◆ WHAT IS REQUIRED
Could you repeat the entries below exactly, but only from the line with "胖妹妹加大碼女裝夏裝新品寬松圓領休閑T恤印花短褲兩件套裝2505 /" through the line with "- The route", and without any picture?

Segment Start: DATASET EXCERPTS

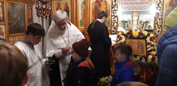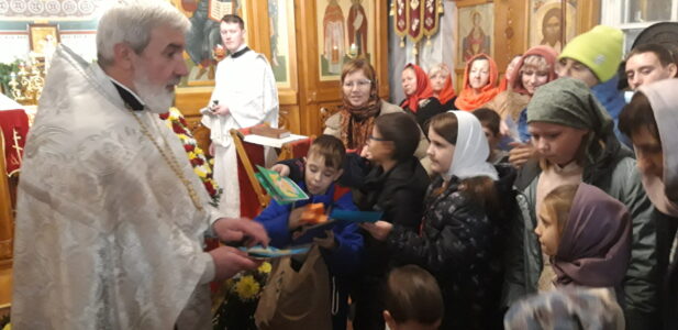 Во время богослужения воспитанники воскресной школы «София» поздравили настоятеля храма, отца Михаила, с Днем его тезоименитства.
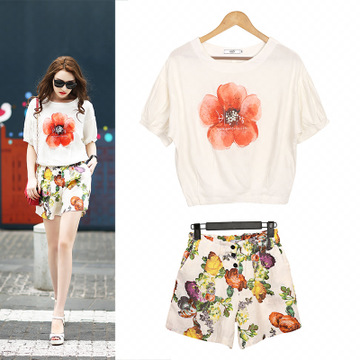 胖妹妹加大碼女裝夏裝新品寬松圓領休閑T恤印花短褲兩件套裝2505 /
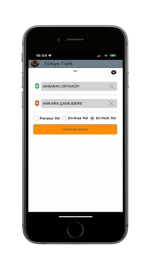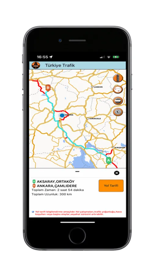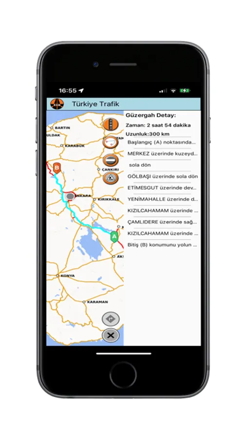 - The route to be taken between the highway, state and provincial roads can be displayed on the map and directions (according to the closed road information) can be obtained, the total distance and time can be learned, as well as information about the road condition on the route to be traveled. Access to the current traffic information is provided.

Segment End: DATASET EXCERPTS
Segment Start: DATASET EXCERPTS

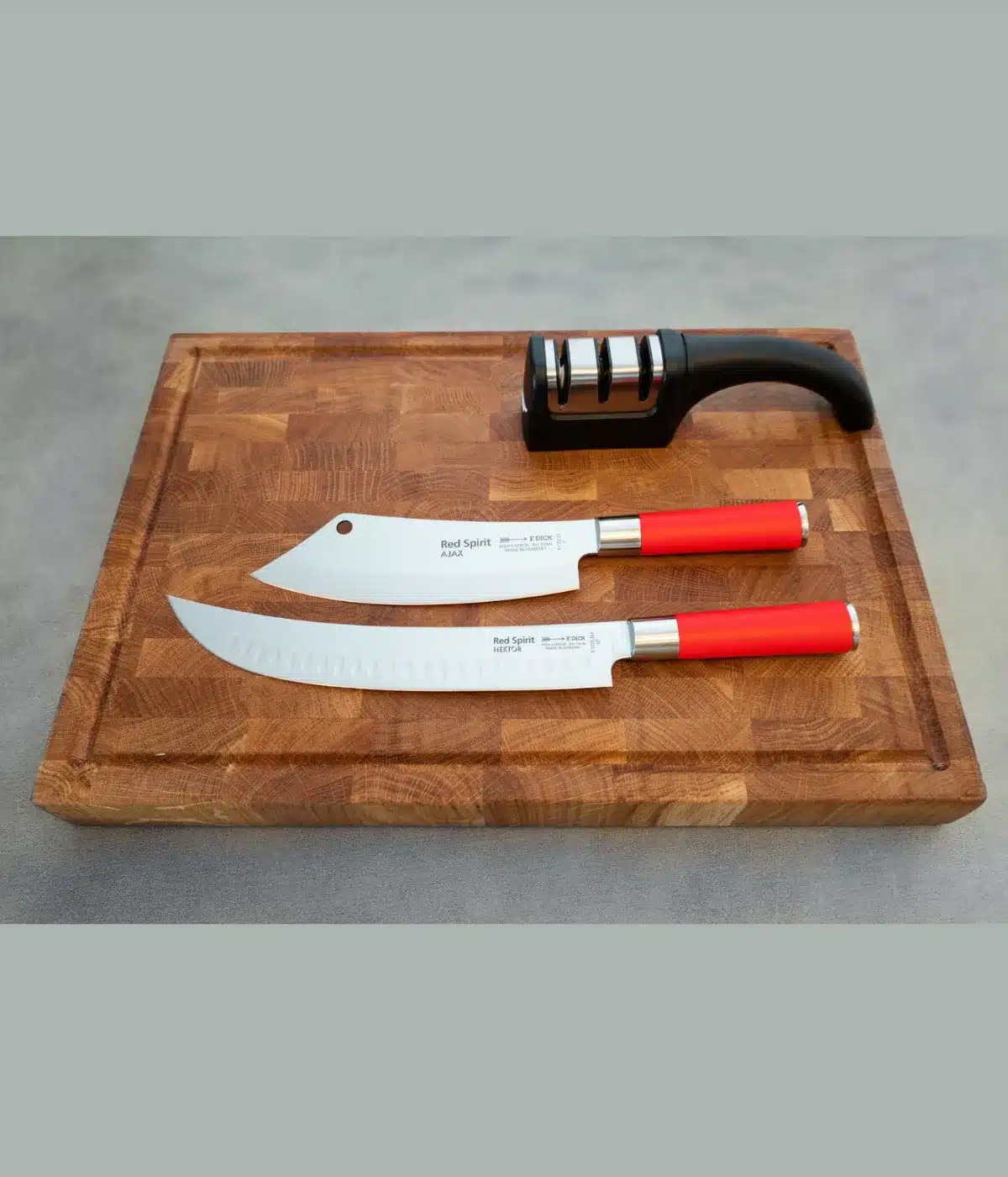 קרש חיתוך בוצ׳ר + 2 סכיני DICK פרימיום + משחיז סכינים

Segment End: DATASET EXCERPTS

◆ TASK ANSWER
 胖妹妹加大碼女裝夏裝新品寬松圓領休閑T恤印花短褲兩件套裝2505 /
 - The route to be taken between the highway, state and provincial roads can be displayed on the map and directions (according to the closed road information) can be obtained, the total distance and time can be learned, as well as information about the road condition on the route to be traveled. Access to the current traffic information is provided.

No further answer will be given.